Sally, who does all the bookkeeping at the bistro she runs with Jeff, said that ‘now is probably harder than COVID, just because of the prices’. Alan, with a background in fine dining restaurants, said that he had halved the amount of baked goods on the counter at his café because of the price of butter and was limiting himself to simpler bakes (that require less tempering or laminating). Liz was asked how they make vegetables really shine in meatless dishes, and the answer was ‘put a lot of butter on them’ – so as well as fewer fancy pastries, the cost of butter also risks the ability to elevate the status of vegetables. Alan’s café sells a lot of brunches, but he decided to switch from smashed avocadoes to a pea alternative in response to cost, environmental concerns and the implication of the supply chain in cartel violence.
Rafid, who had taken redundancy before the pandemic, began cooking curries out of his home kitchen during lockdown, selling them for collection. He traded on his family’s Kashmiri roots, marketing the curries as a traditional taste of the northern subcontinent. But when the price of cooking oil rose dramatically – ‘doubled’, Rafid said – he reduced the oil and instead emphasised the curries as healthy alternatives to traditional Kashmiri dishes. Back at Jeff’s Bistro, more expensive cuts of meat were off the menu, replaced with cheaper cuts that were paired with fancier takes on vegetable sides. As Kyle explained, if you want to show the value across a dish, you can show the labour in the way you’ve scored a hasselback squash or the attention taken with a fondant potato.
Some of the chefs shared that they had begun to source produce from supermarkets. Many local suppliers had disappeared during lockdown and now the prices of those left were too high. Some of the chefs used a big, centralised supplier for vegetable produce, but Matt explained that the supermarkets ‘were our best suppliers’. ‘The quality’s amazing because they get rid of the stuff that won’t sell’, he says. Asked if he could pick his own from independent local suppliers, he said that he would have to drive there and, since the price of petrol is going up, ‘it’s not worth it’. But as Jack points out, even if cheaper, the supermarket does not offer the full range of seasonal (or local) vegetables: ‘Like, if you think, like, right now we’re in the middle of summer, you should be able to walk in a supermarket and have a big array of amazing heirloom tomatoes. But, like, you’re not going to, you’re not going to find them anywhere’. Meanwhile, the set menu at William’s restaurant does not just attract reticent customers back after lockdown and social distancing; because he serves numerous small dishes across a ten-course menu, it also means that he can offer customers locally sourced produce that would now be too expensive if provided in the quantity needed for a main course, balanced out with cheaper produce for the other courses.
Fuel costs
It is difficult to make creative savings when energy prices rise and practice is constrained by the appliances of the trade. The war in Ukraine precipitated what the chefs felt was an astronomical rise in the cost of gas and electricity. Part of the problem is that there are appliances that cannot be turned off: fridges, freezers, air extraction. The plancha or flat top in any kitchen is a big energy cost. ‘The plancha gets used all day long [. . . ] so that’s just blazing away’, says Alan. ‘Yeah, it’s hard to reduce that, but when you can’t, you can’t. The trouble with most of the kitchens is that they’re just very not on-and-off-able, you know?’ The choice is either to have the plancha on all day or not at all, since it takes a long time to warm up, which is no use when cooking to order. Matt made the choice to turn it off altogether – ‘It just kicks out so much heat, and sucks in so much energy’ – and replaced it with small plug-in, stand-alone induction hobs he can turn on and off when needed.

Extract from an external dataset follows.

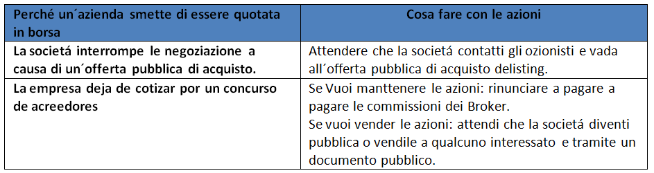 Ci sono molteplici ragioni per cui una società interrompe la quotazione, potrebbe essere che qualche altra società abbia acquistato la maggioranza delle azioni e gran parte dei suoi azionisti non abbia partecipato all'offerta, o forse sia stata temporaneamente sospesa per fallimento, o che dichiari il fallimento e le sue azioni cessano di essere negoziate definitivamente.
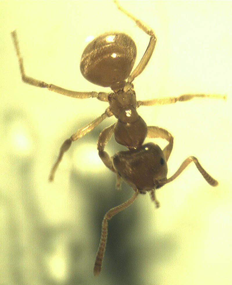 ...Solenopsis fugax und Monomorium pharaonis gehören zu den Knotenameisen. Sie haben zwischen Thorax und dem dicken Teil des Hinterleibs zwei rundliche Stielchenglieder, nicht nur eine flache, aufrechte Schuppe.

A change in appliances can mean a change in the food offer. Now that Matt was down to two small electric hobs, he had to change his approach to cooking. ‘When we first started, we were doing full food. So, it would be like, fryers turned on, hobs turned on, all the time’, he explains. ‘Now I’ve made it into sandwiches because we can turn it off’. The cost of running appliances can also have an impact on the approach to food waste. Rafid cooks his curry in big batches; if he had any left over, he would freeze it. He had to buy a second freezer for that purpose, but when his energy bill went up, the appliance that would help keep his waste to zero became prohibitively expensive. And this cost of storing produce can change what is being stocked in the first place. Liz provided a tour of the kitchen after the interview, past the abundant shelves and into the empty cold store, explaining that they were stocking less fresh produce and relying more and more on canned or dried or preserved produce.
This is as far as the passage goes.